UNITED STATES
                       SECURITIES AND EXCHANGE COMMISSION
                             Washington, D.C. 20549

                                    FORM 8-K

                                 CURRENT REPORT

                     Pursuant to Section 13 or 15(d) of the
                         Securities Exchange Act of 1934


Date of Report (Date of earliest event reported)............April 18, 2006


                         HEALTHCARE SERVICES GROUP, INC.
             -----------------------------------------------------
             (Exact name of registrant as specified in its charter)

         Pennsylvania                    0-120152                 23-2018365
--------------------------------        -----------            ---------------
(State or other jurisdiction of         (Commission             (IRS Employer
  Incorporation or organization)        File Number)            Identification
                                                                    number)

           3220 Tillman Drive-Suite 300, Bensalem, Pennsylvania 19020
           ----------------------------------------------------------
               (Address of principal executive offices)    (Zip code)

Registrant's telephone number, including area code: 215-639-4274
                                                    -------------


                                 Not Applicable
          ------------------------------------------------------------
          (Former name or former address, if changed since last report

Check the appropriate box below if the Form 8-K filing is intended to
simultaneously satisfy the filing obligation of the registrant under any of the
following provisions ( see General Instruction A.2. below):

         (  )     Written communications pursuant to Rule 425 under the
                  Securities Act (17 CFR 230.425)

         (  )     Soliciting material pursuant to Rule 14a-12 under the
                  Exchange Act (17 CFR 240.14a-12)

         (  )     Pre-commencement communications pursuant to Rule 14d-2(b)
                  under the Exchange Act (17 CFR 240.14d-2(b))

         (  )     Pre-commencement communications pursuant to Rule 13e-4(c)
                  under the Exchange Act (17 CFR 240.13e-4(c))



Item 2.02 Results of Operations and Financial Condition.

On April 18, 2006 Healthcare Services Group, Inc. issued a press release
announcing its earnings for the three month period ended March 31, 2006. A copy
of the press release is attached hereto as Exhibit 99.1 and is hereby
incorporated by reference.

The information in contained herein shall not be deemed "filed" for the purposes
of Section 18 of the Securities Exchange Act of 1934, as amended (the "Exchange
Act"), or otherwise subject to the liabilities of that section, nor shall it be
deemed incorporated by reference in any filing under the Securities Act of 1933,
as amended or the Exchange Act.

Item 9.01 Financial Statements and Exhibits

          (c)    Exhibits

          99.1   Press Release, dated April 18, 2006


                                   SIGNATURES

         Pursuant to the requirements of the Securities Exchange Act of 1934,
the Registrant had duly caused this report to be signed on its behalf by the
undersigned thereunto duly authorized.

                                               HEALTHCARE SERVICES GROUP, INC.

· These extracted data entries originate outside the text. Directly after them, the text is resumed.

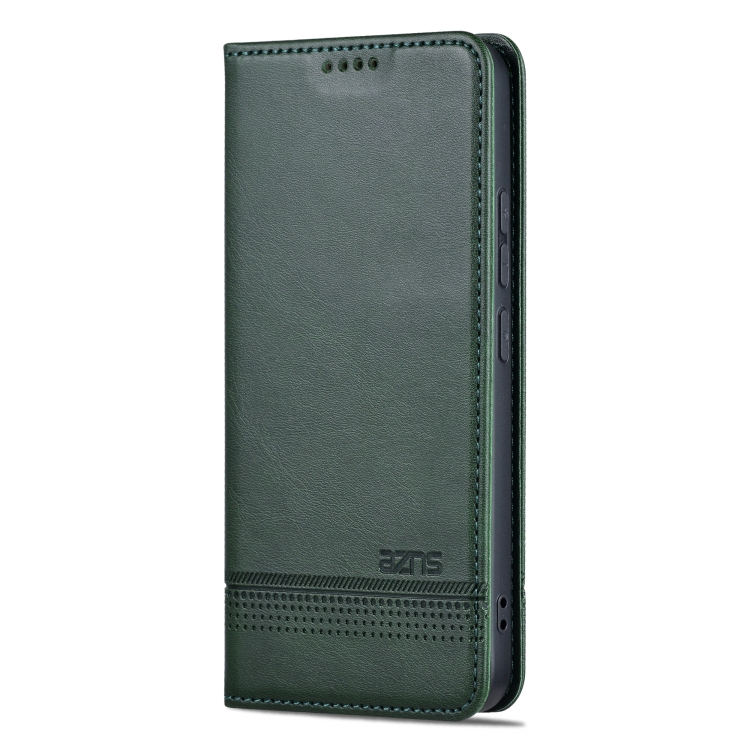 Para Xiaomi 14 Pro Azns Funda De Teléfono De Cuero Con Tapa Con Textura De Pantorrilla Magnética (Verde Oscuro)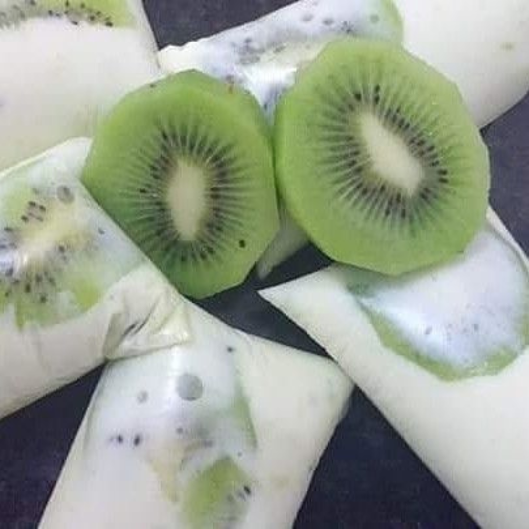 O geladinho de kiwi com ninho é um sabor incomum, mas que vende bastante no verão, é uma verdadeira delícia.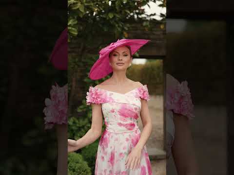 Chic and graceful, this ankle-length chiffon dress features an off-the-shoulder neckline with 3D floral cap sleeves, a structured fitted bodice, and a delicately beaded waistband. A modern yet classic choice for the mother of the bride or groom.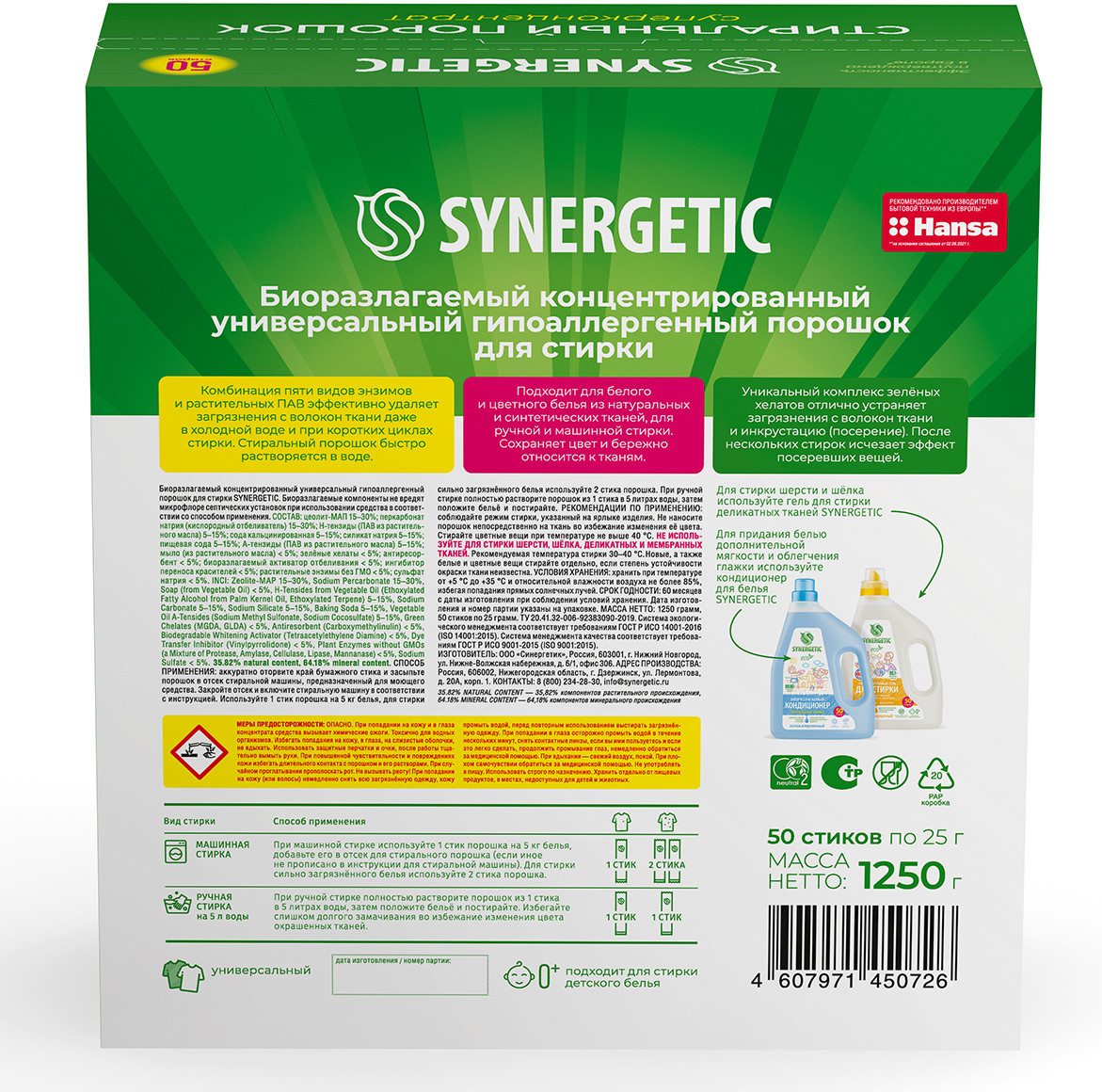 Synergetic Порошок стиральный в стиках

April 18, 2006                                 /S/ Richard W. Hudson
--------------                                 -------------------------------
Date                                           Vice President-Finance and
                                                      Secretary



                                  EXHIBIT INDEX

Exhibit:

99.1              Press Release and financial tables dated April 18, 2006 issued
                  by Healthcare Services Group, Inc.